An assay for thymidylate synthetase might not only be useful as a tumor marker but also as a differential diagnostic tool and predictor of clinical outcome.
An assay for thymidilate synthetase (the enzyme that makes thymidine from uracil and is blocked by 5FU) will detect cells that are in cell cycle (unless they have a large pool of thymidine available endogenously or exogenously -- look at old literature on best conditions for labeling cells with tritiated thymidine); it will not be specific for cancer cells.
I agree with Dr Lange but we also know that TYMS is not only a useful indicator of mitotic cell division at least in the case of breast cancer as enzymatic activity in fine needle aspirates ranges from undetectable to 60 fold above background, so what I meant by my earlier post was that in addition to being a useful predictive marker for 5-FU resistance TYMS dysregulation may also be causally related to other histopathological phenotypes..
I agree wth Dr. Barclay that elevated TYMS may be a useful endpoint, but I would caution that it is an indicator that one should examine what is happening. TYMS is an indirect measure of proliferation and it could be due to cancer, inflamation, wound healing, etc. The problem with most biochemical assays is one of specificity. They can tell when something is different, but not always what caused it. Even elevated PSA can be due to non-cancer causes (e.g., prostatic hypertrophy), although if found, prostate cancer should always be checked as as possible cause.

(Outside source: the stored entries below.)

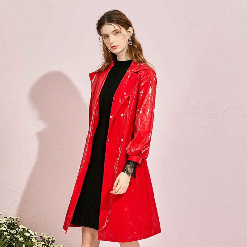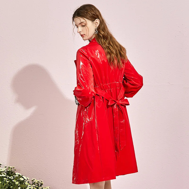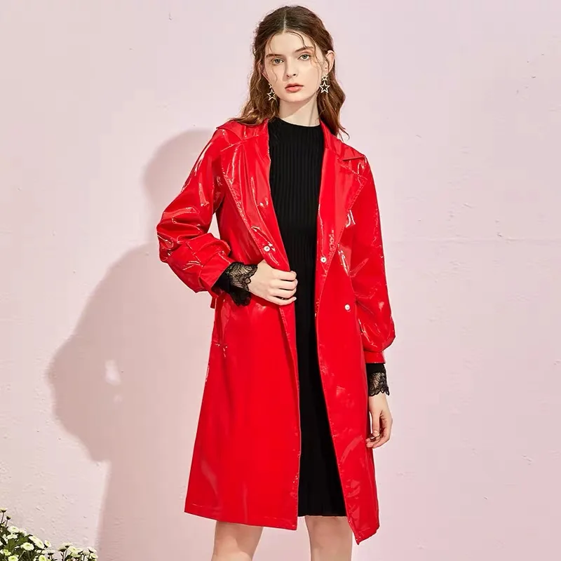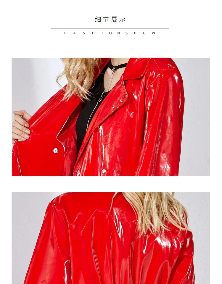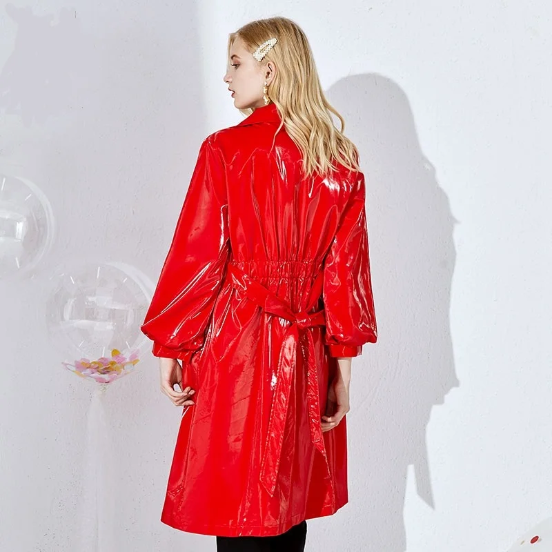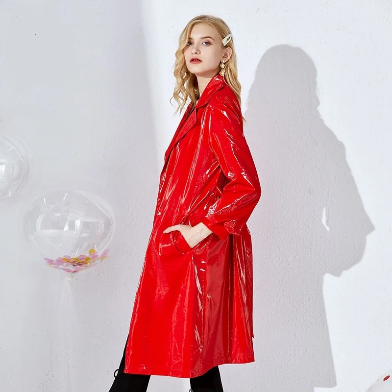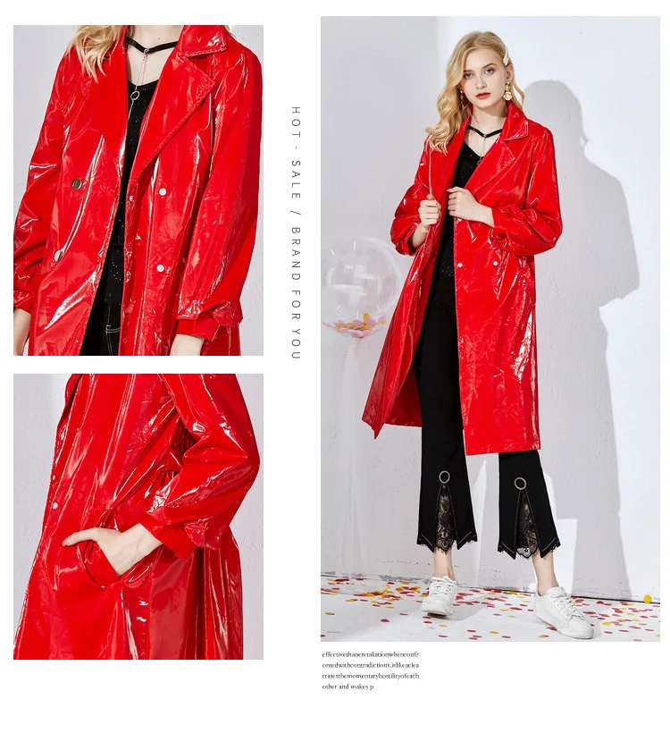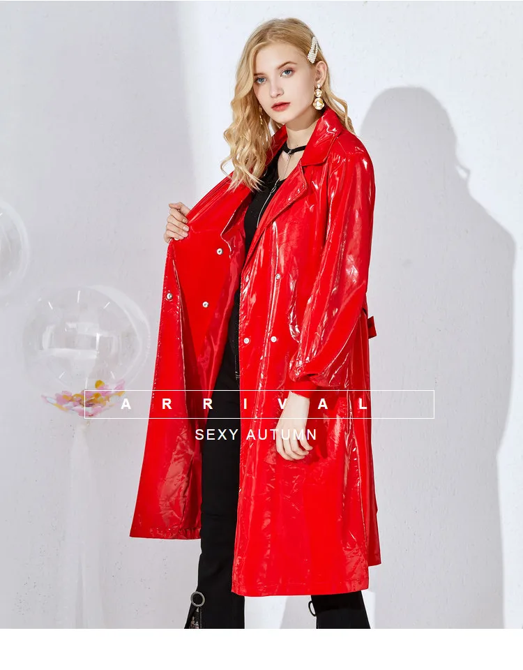 Модная Блестящая Глянцевая двубортная куртка из искусственной кожи, Женская длинная ветрозащитная куртка большого размера из лакированной кожи F1100
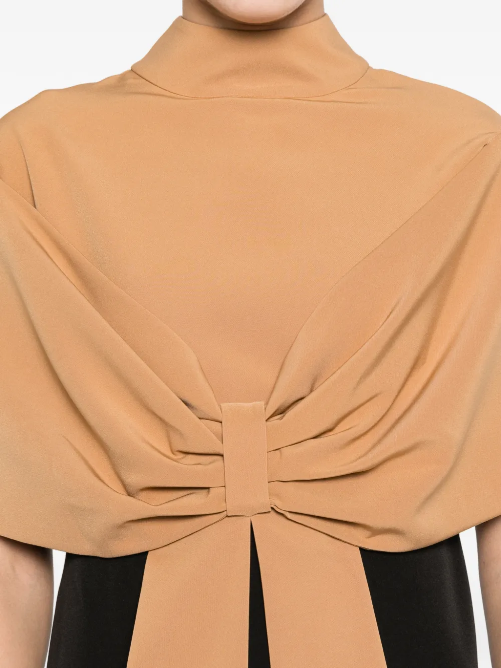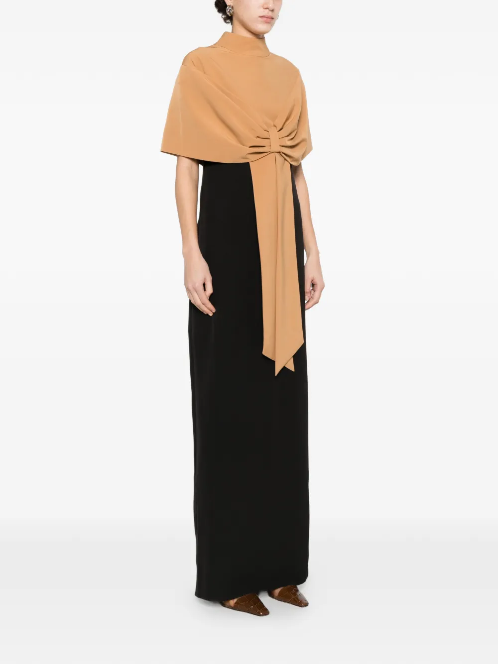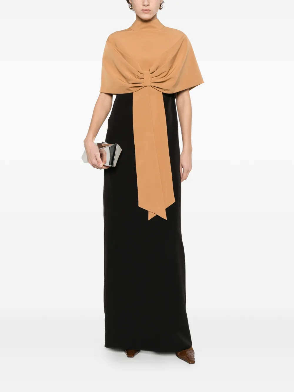 Черно-коричневый двухцветный дизайн, бант, высокий воротник, приталенный силуэт
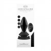 Chrystalino glass anal plug with 10 vibration modes, suction cup base and wireless remote control.
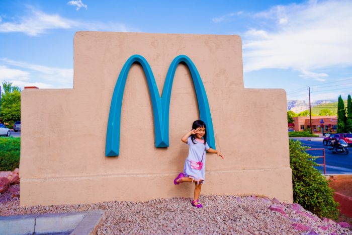 ホテルへチェックインする前に、セドナのマクドナルドへ寄りました。ここは世界唯一、青色のマクドナルド看板があるのです!先にいた日本の若い女の子2人組が写真を撮ってくれました。
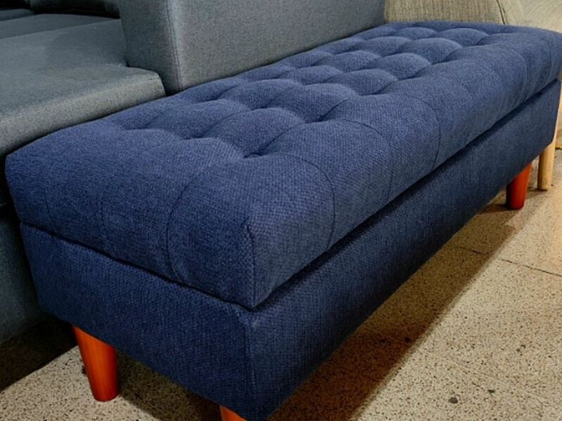 La banqueta Porto presenta un diseño compacto y funcional con dimensiones de 1,20 metros de largo y 0,45 metros de ancho, ideal para espacios reducidos o como complemento en cualquier área de la casa.
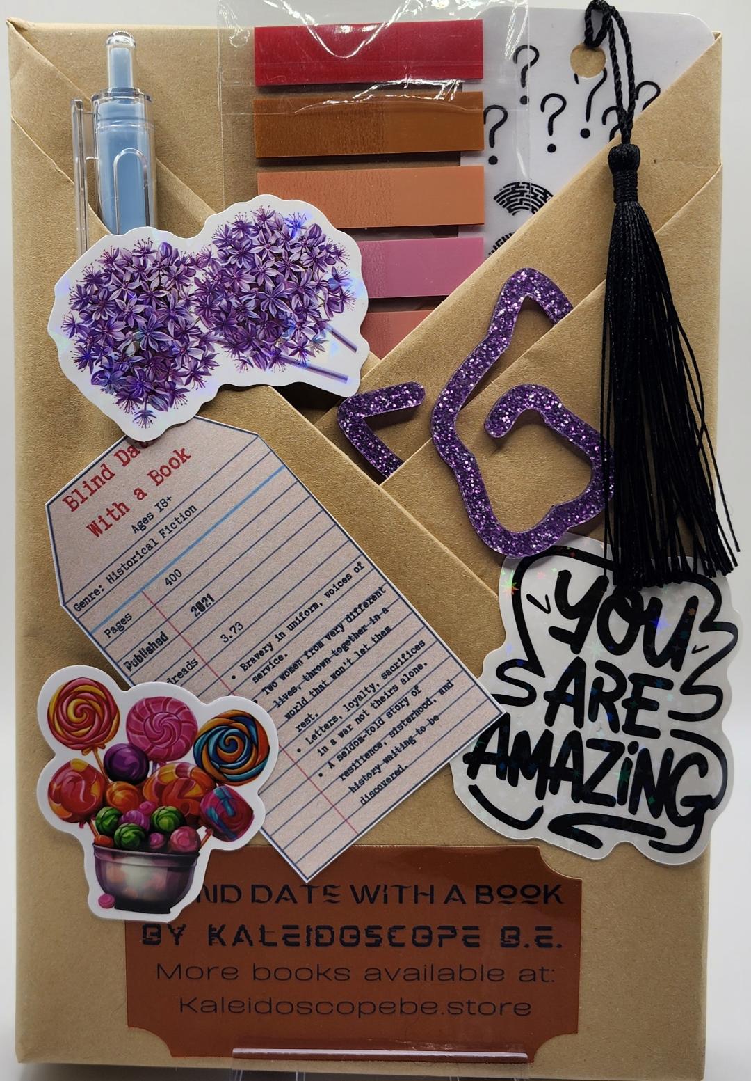 The book comes with a pen, bookmark, annotation sticky notes, and glitter paperclip.

Absolutely agree but I think TYMS is a special case. It has multiple functions, not only manufacturing dTMP but also acting as a metabolic switch and oncoprotein. Aberrant TYMS expression may not only be an indicator of an inflammatory response or initiation of a wound healing cascade but actually cause their initiation. For example low TYMS causes dTTP pool imbalance and elevated rates of uracil incorporation into DNA. In the absence of T DNA-U is not repaired properly leading to genomic instability. Chromosome fragments thus generated could cause local inflammation and a wound healing response. Thus in this view TYMS dysregulation is more a cause than an indicator.